(Extracted data)

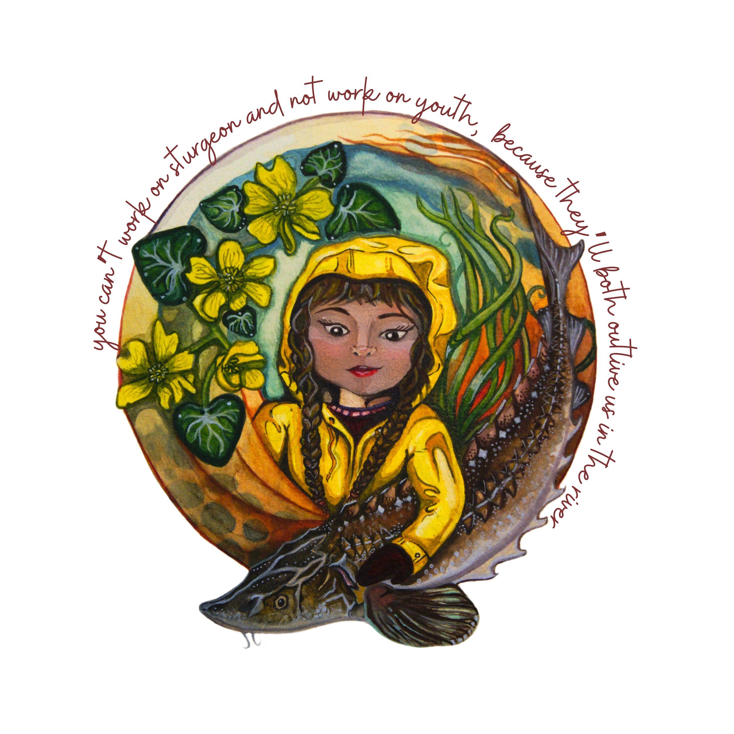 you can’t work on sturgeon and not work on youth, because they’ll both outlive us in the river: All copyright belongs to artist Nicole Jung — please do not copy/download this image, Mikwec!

(End Extracted data)
(Extracted data)

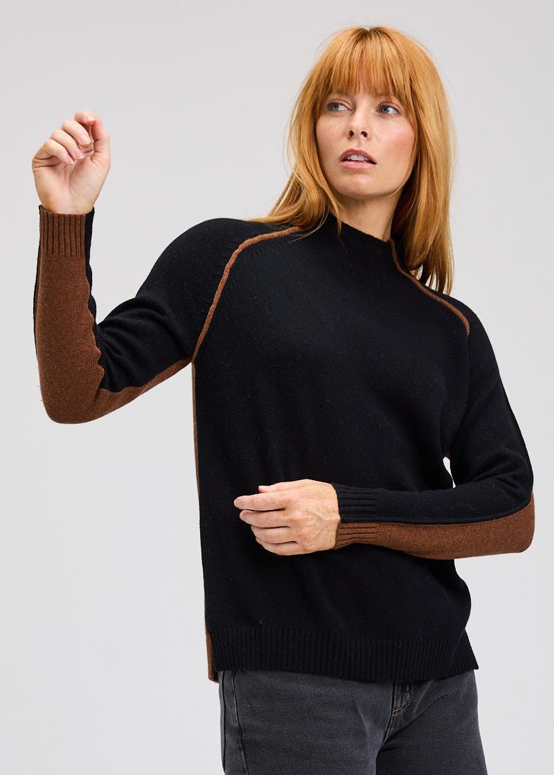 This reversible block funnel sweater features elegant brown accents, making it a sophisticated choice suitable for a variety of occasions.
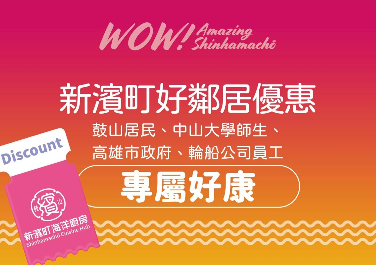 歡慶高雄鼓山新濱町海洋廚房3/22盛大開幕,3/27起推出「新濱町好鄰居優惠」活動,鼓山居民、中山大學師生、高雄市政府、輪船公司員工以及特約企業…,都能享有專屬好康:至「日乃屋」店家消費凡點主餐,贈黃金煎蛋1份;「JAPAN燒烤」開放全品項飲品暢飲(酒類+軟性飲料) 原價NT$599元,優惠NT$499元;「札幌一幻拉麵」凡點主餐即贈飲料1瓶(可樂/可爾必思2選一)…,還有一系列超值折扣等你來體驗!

(End Extracted data)

[Problem details] In the listing above, find the line containing "This reversible block" and the line containing "歡慶高雄鼓山新濱町海洋廚房3", then print exactly those two lines and every line between them, minus the pictures.

[Output of the task]
 This reversible block funnel sweater features elegant brown accents, making it a sophisticated choice suitable for a variety of occasions.
 歡慶高雄鼓山新濱町海洋廚房3/22盛大開幕,3/27起推出「新濱町好鄰居優惠」活動,鼓山居民、中山大學師生、高雄市政府、輪船公司員工以及特約企業…,都能享有專屬好康:至「日乃屋」店家消費凡點主餐,贈黃金煎蛋1份;「JAPAN燒烤」開放全品項飲品暢飲(酒類+軟性飲料) 原價NT$599元,優惠NT$499元;「札幌一幻拉麵」凡點主餐即贈飲料1瓶(可樂/可爾必思2選一)…,還有一系列超值折扣等你來體驗!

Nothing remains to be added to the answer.